Like, The Coronas are proper rockstars across the pond sell out fucking stadiums in Ireland/UK/Europe/Australia but they never had a US top 40 song so then they struggle to fill small clubs stateside and their sets were so sparse at Milwaukee Irishfest because they lack fiddle so they don't seem Irish enough to a lot of fest scene folks even though they're incredibly famous Irish rock artists, it's like calling U2 not Irish enough at Irishfest because they lack fiddle, lol... But Danny has multiple times said that playing shows in the states that are so small keeps him humble, keeps him hungry, and sometimes the shows with the smallest size audiences but the brightest energy excited to see them are some of his favorite shows he's ever played. I haven't seen Aoife since Iowa Irishfest (first weekend of August) and haven't seen Danny or Ro since Milwaukee Irishfest (third weekend of August; it's always third weekend of August -- never make plans with me third weekend of August unless it's to meet me at MKE Irishfest, lol) and closing out the Sunday night session room which was one of THE most magical talent packed rooms of musicians and singer you've ever been crammed into!! (Milwaukee Irishfest is the largest Irish music fest in the world and EVERYBODY comes, even some who aren't playing stages but just want to come to teach or experience or session or scattering -- and it's just some of the most class instrumental playing you'll ever hear with some of the most amazing vocalists singing a song on request and then the whole room singing together when that's what the musicians/soloist ask for on the traditional songs.)

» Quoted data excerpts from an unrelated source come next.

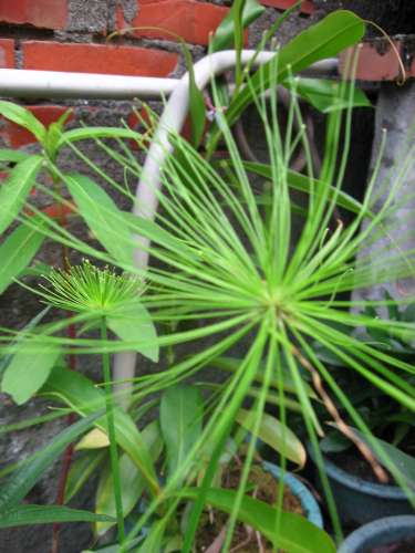 特性:一紙莎草是一種高而堅韌的挺水植物,約可長到4至5公尺高。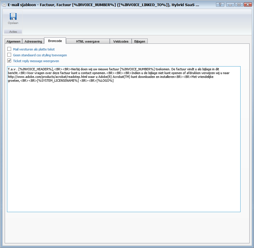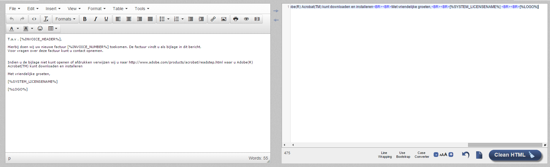 De opmaak van de mail sjablonen kunnen op een specifieke manier worden opgebouwd, hiervoor gebruiken wij de website http://www.html-cleaner.com.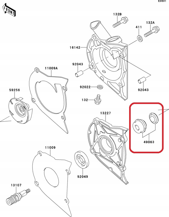 NA RYCINIE POKAZANO UMIEJSCOWIENIE W POMPIE WODY KAWASAKI GPZ / KLE / EN / ER5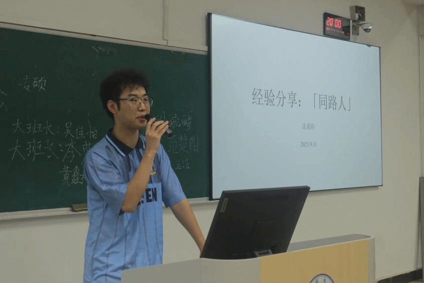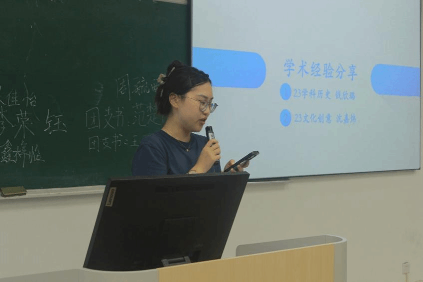 而后,23学科教学(历史)钱欣璐同学、23文化创意沈嘉炜同学作为优秀老生代表,向新生分享学习经验。钱欣璐学姐结合自身参赛经历,向新生们细致分享了相关比赛的准备过程与成功经验,并从师范技能提升、赛事参与技巧等方面,给出了极具针对性的实用建议。沈嘉炜学长以自身学术经历为蓝本,向新生们分享了关于自己研究生生活与成长的感悟,并且鼓励大家在学术道路上勇敢接受自己,砥砺前行。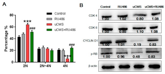 Figure 5 shows the distribution of DNA content of early spermatogenic cells, including spermatogonia (DNA content: 2N~4N) and primary spermatocytes (DNA content: 4N). The “N” in our study represents DNA content, not the number of chromosomes. 4N germ cells include primary spermatocytes and G2-phase spermatogonia in the mitotic cell cycle [17]. As shown in Figure 5A, uCMS treatment significantly increased the proportion of 2N cells (63.80 ± 2.71% versus 43.30 ± 3.10%, p < 0.001). There were no significant differences in the number of spermatocytes between each group, according to the results shown in Figure 3B (p = 0.81). Thus, a reduction in 4N germ cells may be due to the decrease in G2-phase spermatogonia (4N) but not to the decrease in spermatocyte numbers. In other words, the increased proportion of 2N cells may be due to mitotic cell cycle arrest of spermatogonia at the G0/G1 phase. The results of the Western blot analysis further support this hypothesis (Figure 5B). Levels of three important regulatory proteins (cyclin-dependent kinase 4 [CDK4], CYCLIN D1, and phospho-Retinoblastoma [p-RB]) that are necessary for transformation of G0/G1 phase to S phase were significantly decreased (p = 0.030, p < 0.001, and p < 0.001, respectively). Similarly, RU486 cotreatment normalized the proportion of 2N cells (50.15 ± 2.91% versus 63.80 ± 2.71%, p < 0.001) and caused an increase in the protein levels of CDK4, CYCLIN D1, and p-RB (p = 0.006, p < 0.001, and p = 0.016, respectively). The above results indicate that chronic stress induces cell cycle arrest of spermatogonia at the G0/G1 phase.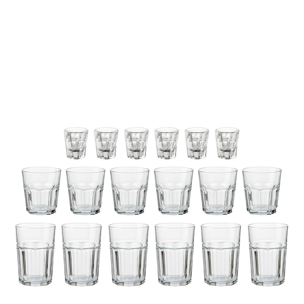 Atelier Granit glassett 18 deler fra Aida er et komplett sett som dekker de fleste behov – både til hverdags og når du har gjester. Med 6 store glass, 6 mindre glass og 6 shotglass får du en praktisk og allsidig samling med moderne preg. Designet er balansert og funksjonelt, med god vekt og behagelig grep.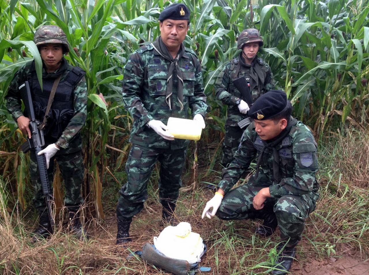 ทั้งนี้ ทหารวิ่งไล่ติดตามแต่ไม่สามารถจับกุมได้ จึงได้มาตรวจจุดที่คนขี่ทิ้งกระเป๋าลงไปในดงต้นข้าวโพดก็พบกระเป๋าตกอยู่ จากการตรวจสอบภายในกระเป๋าเป้พบยาบ้าประมาณ 40,000 เม็ด จึงได้นำของกลางตรวจยึดไว้พร้อมทั้งวิทยุสกัดจับเส้นทางหลบหนี จากนั้นได้นำของกลางส่งมอบให้ เจ้าหน้าที่ตำรวจ สภ.นาหวาย อ.เชียงดาว ดำเนินการต่อไป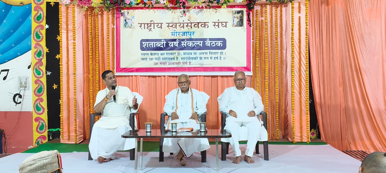 मीरजापुर। शुक्रवार को राष्ट्रीय स्वयंसेवक संघ विंध्याचल विभाग ने अपने शताब्दी वर्ष के उपलक्ष्य में बड़ी बसही स्थित शेमफोर्ड पब्लिक स्कूल में एक विशाल कार्यक्रम का आयोजन किया। इस अवसर पर हजारों स्वयंसेवक और नागरिक एकत्र हुए और विश्व शांति तथा समृद्धि के लिए समरस और संगठित हिंदू समाज के निर्माण का संकल्प लिया। कार्यक्रम में सामाजिक समरसता, कुटुंब प्रबोधन, पर्यावरण संरक्षण, स्व का बोध और नागरिक कर्तव्यों जैसे पांच प्रमुख विषयों पर विशेष बल दिया गया।कार्यक्रम की शुरुआत सह जिला कार्यवाह द्वारा प्रस्तावना प्रस्तुत करने से हुई। इसके बाद दीप प्रज्ज्वलन कर औपचारिक शुभारंभ किया गया। मुख्य वक्ता क्षेत्र प्रचारक अनिल जी ने स्वयंसेवकों को संबोधित करते हुए कहा कि हिंदू समाज की एकता ही भारत को विश्व गुरु बनाने की दिशा में सबसे महत्वपूर्ण कदम है। उन्होंने पर्यावरण संरक्षण के लिए कपड़े के थैले उपयोग करने और प्लास्टिक मुक्त समाज की स्थापना की आवश्यकता पर जोर दिया। साथ ही स्वयंसेवकों से आह्वान किया कि वे गांव-गांव और गली-गली पहुंचकर संघ साहित्य का वितरण करें और हिंदू सम्मेलनों के जरिए राष्ट्रीय एकता का संदेश फैलाएं।उन्होंने यह भी कहा कि प्रत्येक गांव और नगर में शाखाओं को स्थापित और सुदृढ़ करना समय की मांग है। प्रतिदिन प्रातः चार बजे उठकर स्वयंसेवकों को शाखा में बुलाने और राष्ट्र के प्रति जागरूक करने पर बल दिया गया। समाज को तोड़ने वाली ताकतों से सतर्क रहने की चेतावनी देते हुए उन्होंने कहा कि जातिगत विभाजन सनातन की एकता में सबसे बड़ी बाधा है। यदि इन विकृतियों का समाधान नहीं किया गया तो अखंड समाज का निर्माण कठिन होगा। सनातन का उत्थान ही भारत के उत्थान की आधारशिला है और इसी के माध्यम से राष्ट्र विश्व गुरु की दिशा में आगे बढ़ सकेगा।कार्यक्रम में क्षेत्र प्रचारक अनिल जी, प्रांत कार्यवाह अंगराज सिंह, जिला संघ चालक शरद चंद्र, विभाग संघचालक तिलकधारी, सह प्रांत प्रचारक सुनील, सह प्रांत कार्यवाह डॉ. राजबिहारी लाल, प्रांत बौद्धिक शिक्षण प्रमुख डॉ. कुलदीप, जिला कार्यवाह रविंद्र, सह जिला कार्यवाह नीरज, सह जिला संघ चालक कृष्ण कुमार, उप विभाग संघ चालक धर्मराज और विभाग प्रचारक कौशल किशोर सहित अनेक पदाधिकारी एवं कार्यकर्ता मौजूद रहे।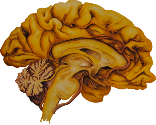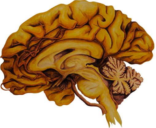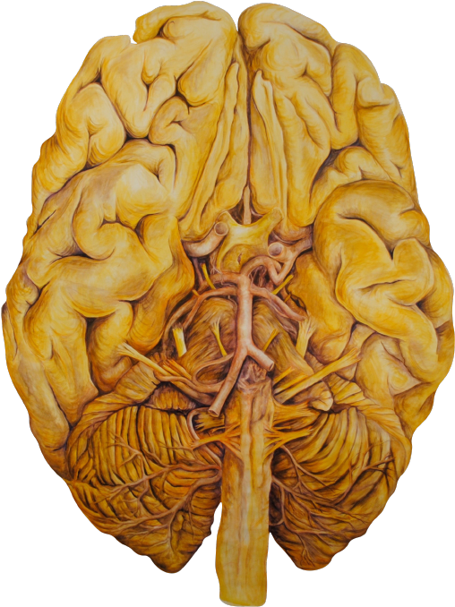 Scientists lack strong iconography, which is why I created this piece. The two sagittal views of the brain represent the sciences and the arts. The center brain in the inferior orientation represents the experience of the sciences, arts, and reality as a whole-- our view of which is always, by default, inferior.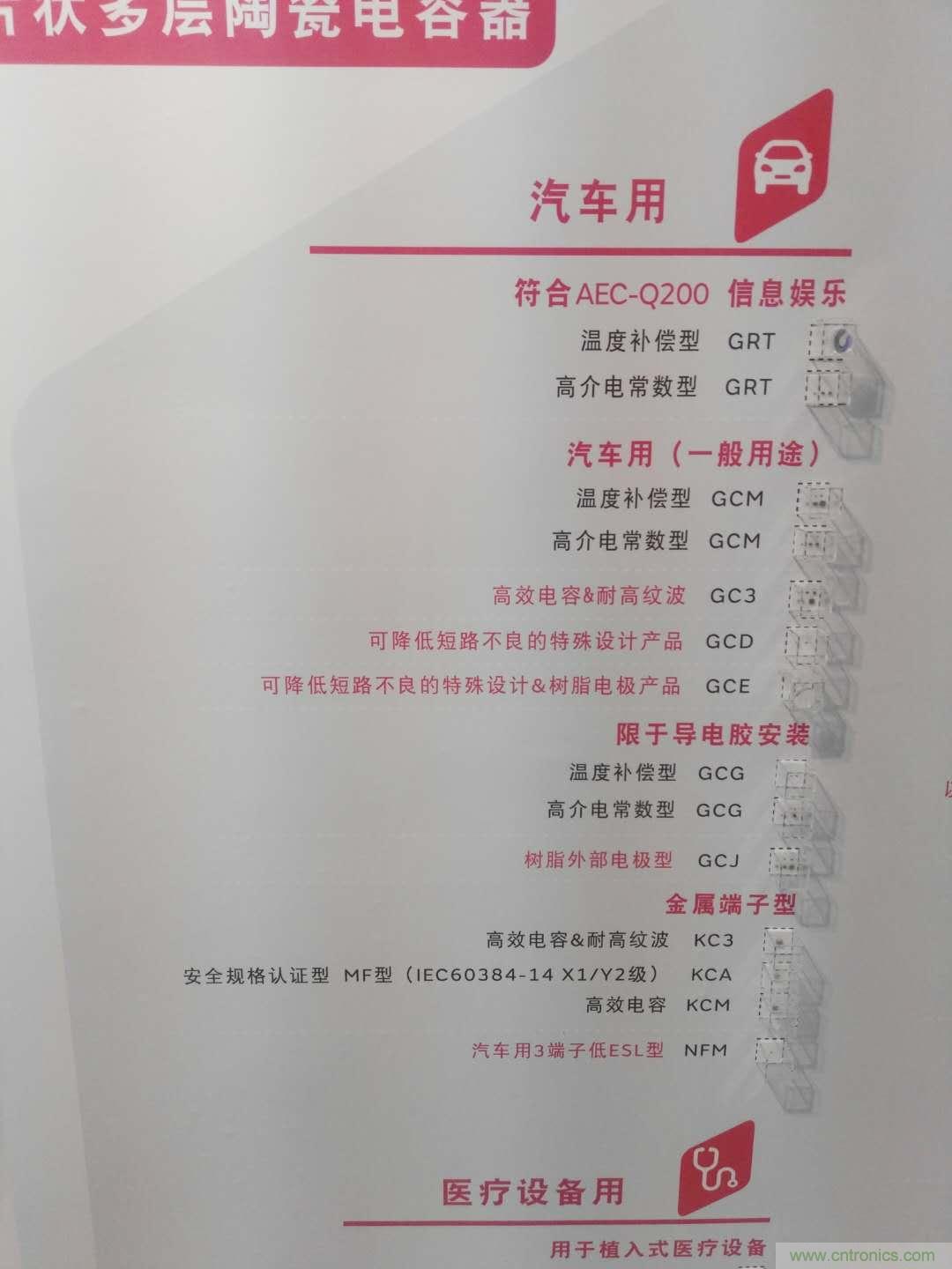 村田車載MLCC產(chǎn)品線可細(xì)分為符合AEC-Q200的信息娛用樂電容器、限于導(dǎo)電安裝電容器、金屬端子型電容器、汽車一般用途電容器,此外還有專門用在傳動(dòng)/安全(AEC-Q200)的電容以及最大溫度150℃的溫度補(bǔ)償型和高介質(zhì)常數(shù)型電容器。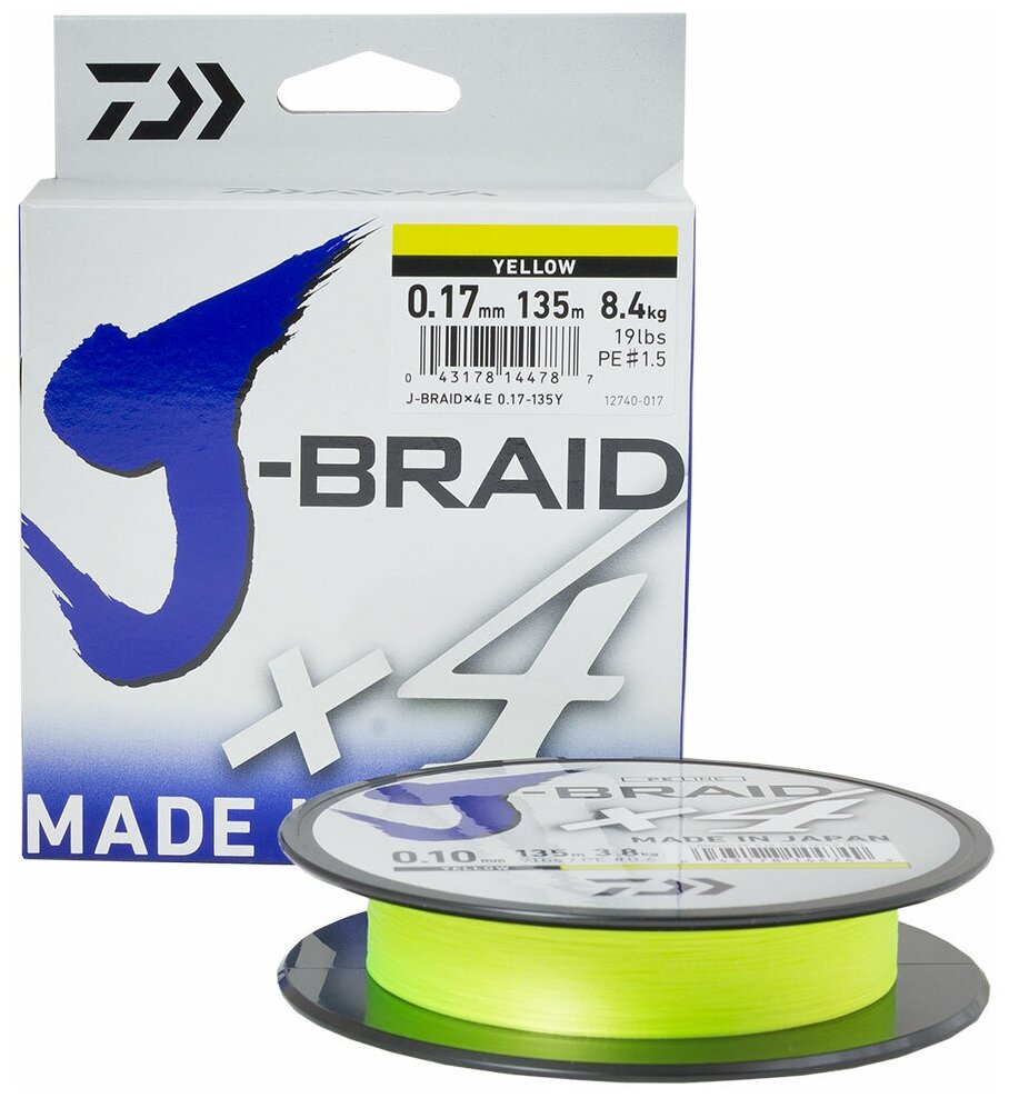 Плетеный шнур для рыбалки Daiwa J-Braid x4 желтый 135 метров 0.21 мм / плетенка для спиннинга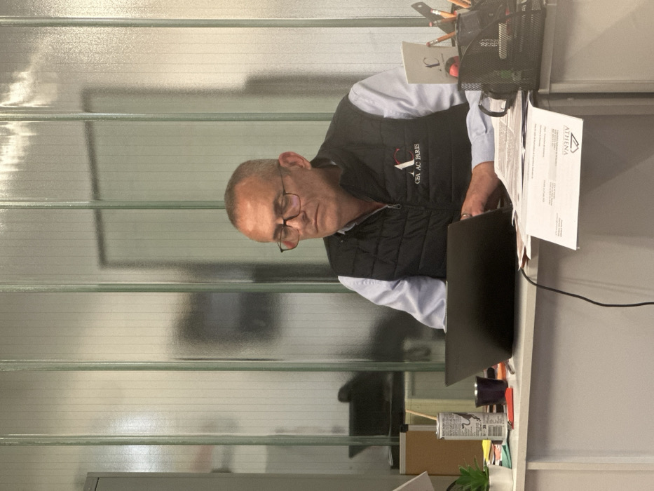 An indoor, eye-level photograph depicts a man seated at an office desk in Aubervilliers, France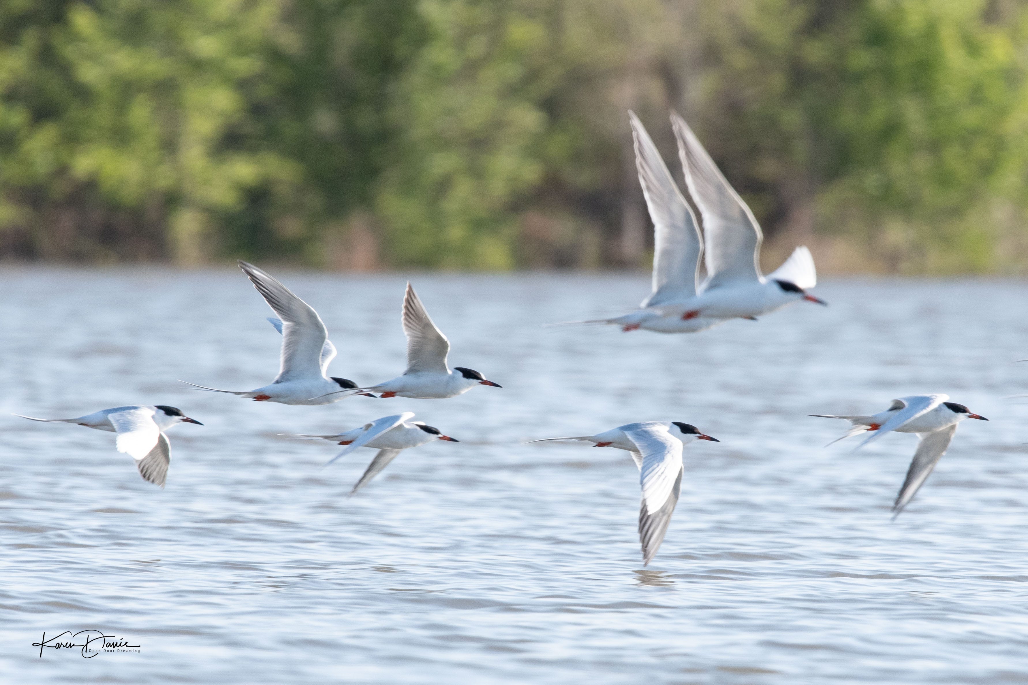We had three varieties of tern visit this year. First up, the Forster’s terns. Forster’s terns travel in small flocks (I usually see 3-15 at a time) and I saw them several times way out in the lake. Finally one day they came close enough to take some photos of their amazing mid-air acrobatics! Forster’s terns are medium size terns, a little smaller than the smaller gulls. (Average weight = 5-7 oz, wingspan 30-31”)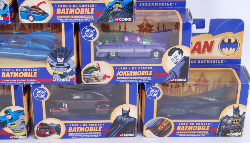 BATMAN: A great full set of 10x Corgi Batman edition diecast models. All in original boxes. Full set, to include various Batmobiles, Jokermobil etc. Each within the original display boxes.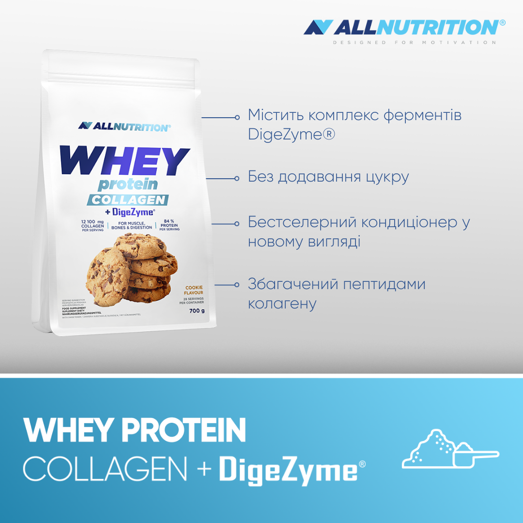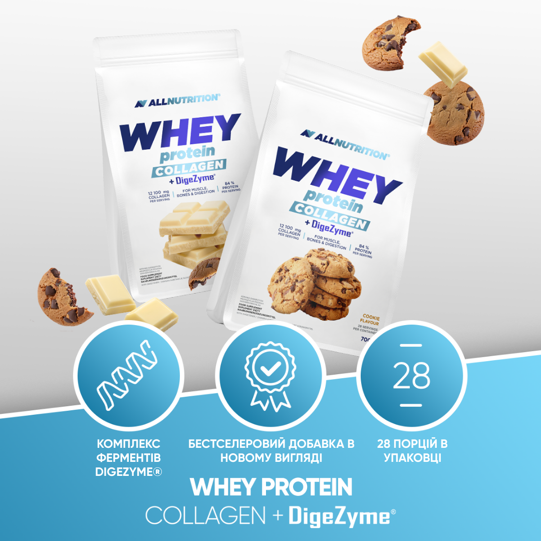 ALLNUTRITION WHEY PROTEIN COLLAGEN+DIGEZYME це бестселерний протеїновий коктейль WPC в новій версії - збагачений пептидами колагену яловичини та травними ферментами фірмової формули Digezyme®. Це не тільки відмінна підтримка для побудови сильних, більших м'язів, але й спосіб комплексного відновлення організму, здорових кісток та підтримки травної системи.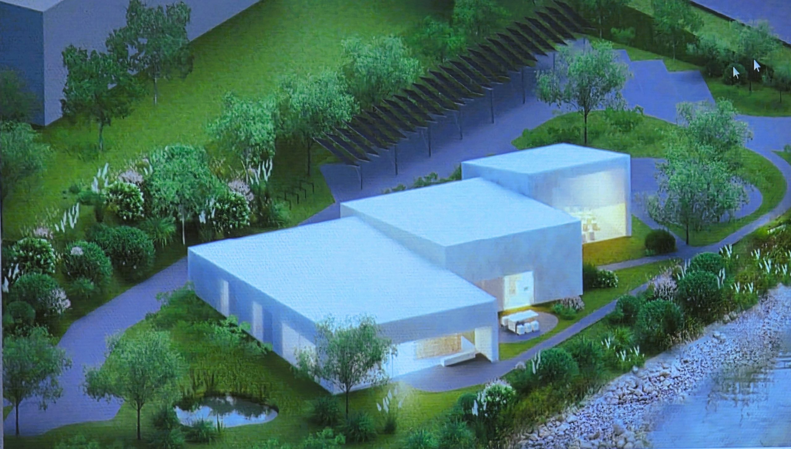 Geplant ist die Errichtung eines dreiteiligen-Gebäudes, in dem mehrere Nutzungen stattfinden sollen. In dem Gebäude sollen ein flexibel nutzbarer für die Stadtgesellschaft geöffneter Werkraum, ein Datacenter, ein Büro (sog. Hybrid Office) sowie eine Tierarztpraxis in Verbindung mit einer Tierphysiotherapie sowie einem Tiersalon untergebracht werden. So ist dem Werkraum eine Außenterrasse und der Praxis ein Therapieteich angegliedert. Die Stellplätze sind im rückwärtigen Teil zum Gewerbegebiet angeordnet.

 O BUT I'M SO EXCITED TO SEE AOIFE (AND ANDY, HER MAN) AND DANNY AND RO!!!!!!!! EEEEEEEEH!!!!!!!!!!!!!!!!! 

Why is March so far away?!

O but it doesn't matter -- this year I got none of my Irish music darlings around St. Paddy's Day but NEXT year, in 2024, I get three of my favorites just before it!!!!!! And O but it's early and so ain't nobody else really announced yet!!!!! 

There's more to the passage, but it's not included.